Expected behavior πŸ’­
Applications that use common custom operators such as >>> can compile their code while including Algolia library

Additional context
Swift's operator declaration statements do not allow you to specify access control and therefore operator declarations are publicly visible by default. This means that if two different modules declare the same operator with different precedence the compile will be unable to resolve which operator to use.
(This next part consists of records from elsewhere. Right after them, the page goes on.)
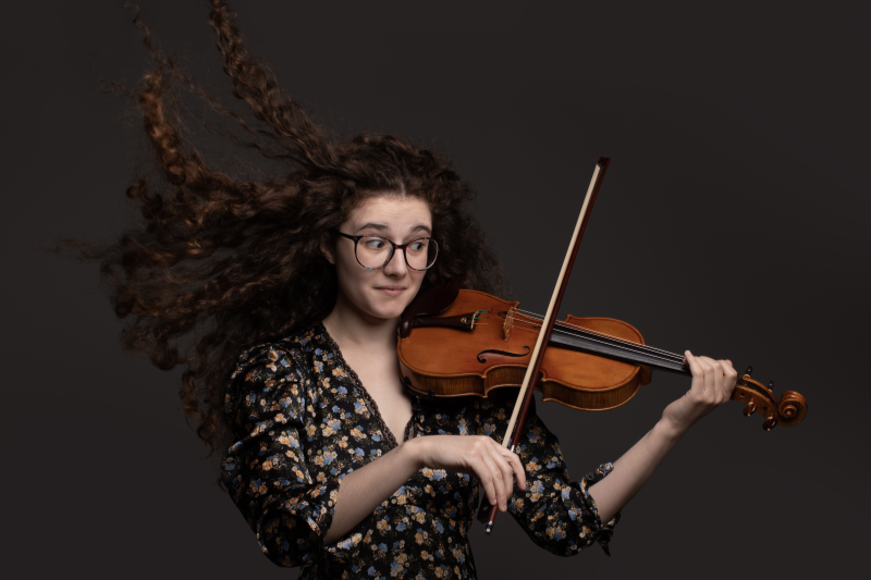 A classical musician in a double act with her violin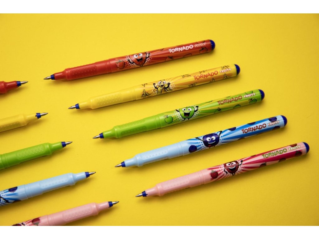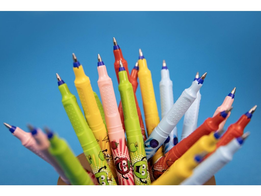 Roller pre školákov s ergonomickým držaním a masážnymi bodmi s modrým zmizíkovateľným a súčasne parfémovaným (banán, jablko, jahoda, malina, čučoriedka) atramentom. Pre ľavákov, pravákov i dysgrafikov. Šírka stopy 0,3 mm. Dodávaný v displeji 5 x 4 ks.Dodatočné parametre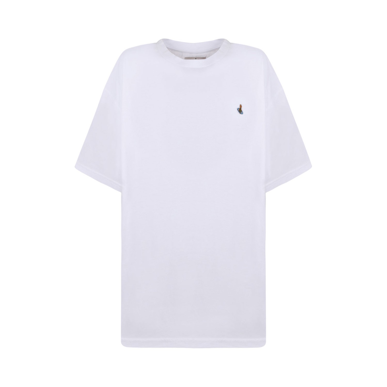 Vivienne Westwood White Logo Embroidered T-Shirt. White cotton t-shirt, crew neck, short sleeves, embroidery logo to the front.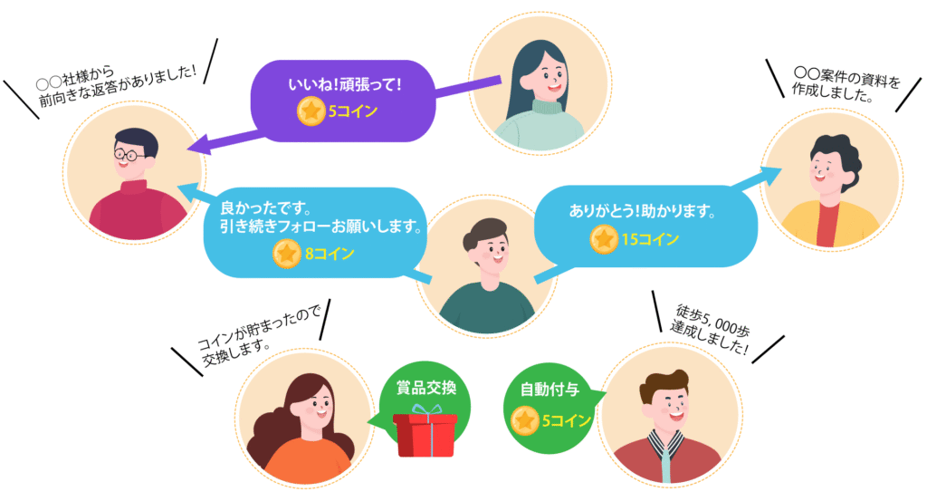 新規アポ獲得、各種資料作成、1日規定歩数以上を歩く(ヘルスケア)など、あらかじめ提示された目標(ミッション)を達成することによりコインが付与されます。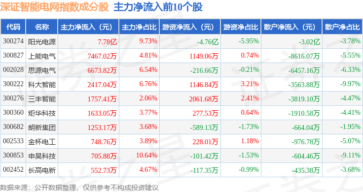 资金流向方面,深证智能电网(970054)指数成份股当日主力资金净流出合计5.56亿元,游资资金净流出合计1.49亿元,散户资金净流入合计7.05亿元。成份股资金流向详情见下表: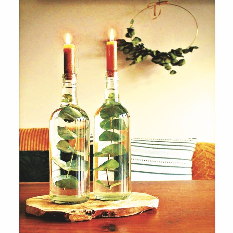 Lahev od vína nemusí jít rovnou do tříděného odpadu. Ještě může skvěle posloužit jako zajímavý svícen. Důkladně odstraňte z lahve etikety, do vnitřku nasuňte živou květinu dle vašeho výběru, zalejte vodou a do hrdla vsuňte svíčku.

Given that this is a Swift language limitation I think the Algolia library should avoid declaring custom operators that clash with operators likely to be defined in client applications such as >>>.

Hi @Killectro,

Thank you for reporting this issue.
Could you provide more details about the reproduction steps:

  • The dependency manager you use in your project
  • The code snippet triggering the compilation error

I tried to create a test Swift package using the Swift API client as a dependency via SPM and the declaration of the custom operator >>> internally used in the API client haven't caused any issue.

Here is the code:

import AlgoliaSearchClient

public struct TestOperator {
  
    public init() {}
  
}

func >>> (lhs: TestOperator, rhs: TestOperator) -> TestOperator {
  return lhs
}

precedencegroup CustomPrecedence {
  lowerThan: DefaultPrecedence
  associativity: left
}

infix operator >>>: CustomPrecedence

And the test case:

import XCTest
@testable import TestOperator

final class TestOperatorTests: XCTestCase {
    func testExample() throws {
      let a = TestOperator()
      let b = TestOperator()
      let _ = a >>> b
    }
}

Hey @VladislavFitz tacos for taking a look at this! I'm on my phone at the moment but I can sketch out our setup.

We have a module that holds our operator definition called Prelude. It defines the >>> infix operator itself as well as the definition of >>> as function composition (seen here).

Then we have an application module that imports both Prelude and AlgoliaSearchClient and tried to compose two functions using the operator. We include Algolia via Cocoapods.

Hopefully that's enough to reproduce it!

Hi @Killectro,
Thank you for provided details.
I created a PR removing custom operator to build paths in the client. Not sure how the internal custom operator declaration leaks outside of the module, anyway it worth refactoring πŸ™‚
Could you test your project with refactor/paths branch to confirm that the issue is resolved?